There is a reason these three failure modes cluster the way they do. Drug names are short, similar-sounding, and spoken fast in a real visit, which is hard for any transcription system to get right. Orders and referrals are easy for a fluent model to invent because they fit the expected pattern of a note, so a plausible one slips in without a trigger in the audio. And mental-health detail is exactly the kind of nuanced, lightly-stated, easily-paraphrased content that gets smoothed away when a model compresses a conversation into a tidy note. Knowing why each one happens tells you precisely where to point your attention.

The 90 second read-back protocol

You do not need to re-document the visit to catch these. You need a fast, targeted read-back aimed at the three failure modes the audit found. Do it before you sign, every time. It runs in about 90 seconds.

Then read the note once, top to bottom, for anything that simply does not match your memory of the visit. Then sign.

Why this is different from the consent question

A boundary worth drawing. This protocol is about accuracy: making sure the note is true before you attest to it. That is a separate problem from whether your patient knows or agreed to the AI listening, which is consent. If consent is your concern, the briefing on when AI scribes need patient consent covers that directly. Here we are only catching errors. The companion briefing on how doctors use AI for clinical notes safely gives the broader safe-use habit that this 90 second check slots into.

The honest limit of these tools

The useful thing about the Ontario audit is that it kills a comfortable assumption: that the good scribes are accurate and only the cheap ones fail. All 20 failed. That means accuracy review is not a vendor-selection problem you can buy your way out of. It is a permanent part of using the category.

This is not an argument against AI scribes. They save real time, and the time saved is worth keeping. It is an argument that the time saved on drafting has to be partly reinvested in review. The 90 seconds you spend on the read-back is the cheapest insurance you will buy all day.

The skill under the tool

The pattern across every briefing in this series is the same. The tool gets faster, more fluent, more confident, and none of that makes it more accurate. What protects the patient and your license is a human who reads what the machine produced with a trained, skeptical eye and knows exactly where these tools tend to break.

That skill is learnable and it does not expire when the next scribe version ships. AI for Physician Notes builds the verify-before-you-sign workflow, including the targeted read-back this audit calls for, and the two minute course quiz will point you to the right starting place for your practice.

Frequently Asked Questions

How bad were the AI scribe errors in the Ontario audit?

Significant and universal. On May 12 to 14, 2026, Ontario's Auditor General reported that all 20 procurement-tested AI scribe systems showed inaccuracies. Specifically, 9 hallucinated content like fabricated referrals or blood-test orders, 12 captured the wrong drug, and 17 missed key mental-health details, even though roughly 5,000 Ontario physicians were already using them.

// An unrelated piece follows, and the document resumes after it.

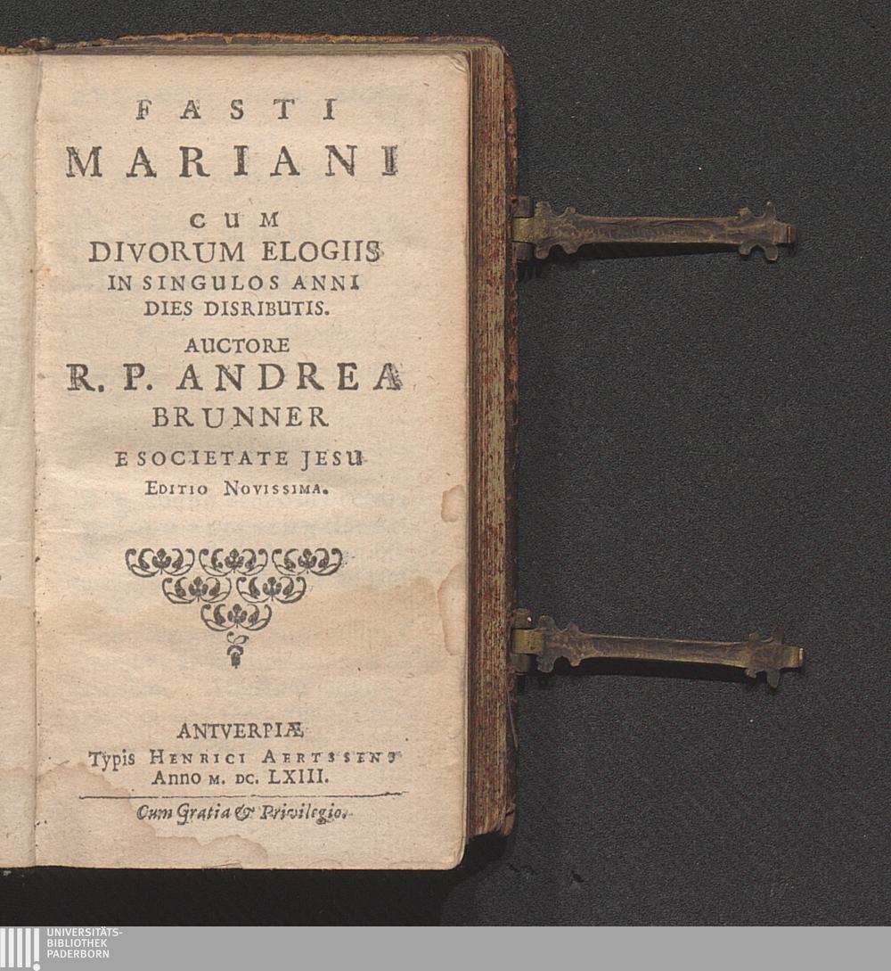 Fasti Mariani : Cum Divorum Elogiis In Singulos Anni Dies Distributis / Auctore R. P. Andrea Brunner E Societate Jesu ; [Wilhelm Pfeffer]

Does this Ontario audit apply to me if I practice in the US?

It is a Canadian audit, so it is not US law and does not bind your practice. But it is a credible, independent warning about how AI scribes fail as a tool category, and those failure modes are not specific to one country. Treat it as a universal accuracy warning worth acting on regardless of where you practice.

What is the fastest way to catch these errors before I sign?

A targeted read-back of about 90 seconds aimed at the three failure modes. Check every drug name against what you actually prescribed, scan for any referral or order and confirm you made it, and verify any mental-health detail is captured accurately. Then read the note once for anything that does not match the visit, and sign.

Is this briefing legal or medical advice?

No. The Leveraged Years is an education company, not a law or medical firm. This is a plain summary of an independent audit and a practical review habit, and tools and findings can change. Treat it as background, and confirm anything affecting your documentation, patient safety, or liability with a qualified professional.